DATA SECTION:
━━━━━━━━━━━━━━━━━━━━

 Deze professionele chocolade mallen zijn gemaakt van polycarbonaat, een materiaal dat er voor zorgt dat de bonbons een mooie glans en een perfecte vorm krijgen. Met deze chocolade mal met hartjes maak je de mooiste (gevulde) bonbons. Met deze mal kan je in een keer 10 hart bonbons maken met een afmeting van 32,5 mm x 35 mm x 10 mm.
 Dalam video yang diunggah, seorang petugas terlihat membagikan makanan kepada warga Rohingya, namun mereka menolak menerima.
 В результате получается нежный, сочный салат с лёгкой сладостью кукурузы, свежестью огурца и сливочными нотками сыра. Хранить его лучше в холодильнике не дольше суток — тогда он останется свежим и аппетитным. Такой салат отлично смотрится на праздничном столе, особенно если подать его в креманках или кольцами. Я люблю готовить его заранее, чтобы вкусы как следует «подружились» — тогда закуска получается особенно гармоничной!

━━━━━━━━━━━━━━━━━━━━

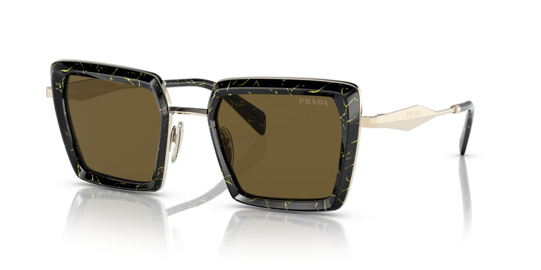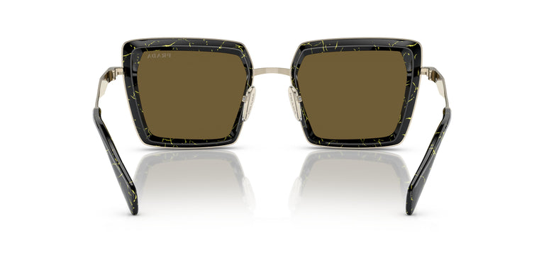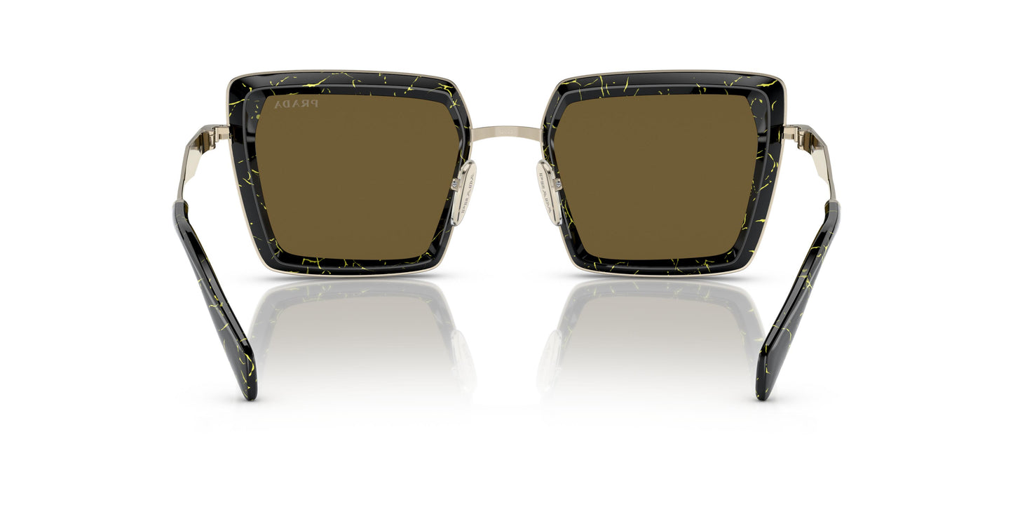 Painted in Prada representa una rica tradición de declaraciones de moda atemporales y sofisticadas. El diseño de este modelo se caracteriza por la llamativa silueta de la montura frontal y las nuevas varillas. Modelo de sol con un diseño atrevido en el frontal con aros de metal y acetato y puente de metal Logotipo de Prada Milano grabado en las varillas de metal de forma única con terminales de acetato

━━━━━━━━━━━━━━━━━━━━

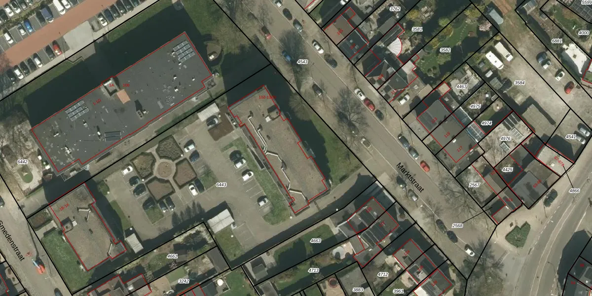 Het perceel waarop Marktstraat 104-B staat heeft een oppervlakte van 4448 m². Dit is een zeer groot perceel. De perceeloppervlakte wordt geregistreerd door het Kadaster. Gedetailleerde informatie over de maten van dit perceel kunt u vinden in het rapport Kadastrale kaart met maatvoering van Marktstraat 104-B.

━━━━━━━━━━━━━━━━━━━━

EXERCISE AIM:
Set down precisely the lines above between the line holding "Deze professionele chocolade" and the line holding "В результате получается", inclusive, and nothing beyond them.

ANSWER TO THIS EXERCISE:
 Deze professionele chocolade mallen zijn gemaakt van polycarbonaat, een materiaal dat er voor zorgt dat de bonbons een mooie glans en een perfecte vorm krijgen. Met deze chocolade mal met hartjes maak je de mooiste (gevulde) bonbons. Met deze mal kan je in een keer 10 hart bonbons maken met een afmeting van 32,5 mm x 35 mm x 10 mm.
 Dalam video yang diunggah, seorang petugas terlihat membagikan makanan kepada warga Rohingya, namun mereka menolak menerima.
 В результате получается нежный, сочный салат с лёгкой сладостью кукурузы, свежестью огурца и сливочными нотками сыра. Хранить его лучше в холодильнике не дольше суток — тогда он останется свежим и аппетитным. Такой салат отлично смотрится на праздничном столе, особенно если подать его в креманках или кольцами. Я люблю готовить его заранее, чтобы вкусы как следует «подружились» — тогда закуска получается особенно гармоничной!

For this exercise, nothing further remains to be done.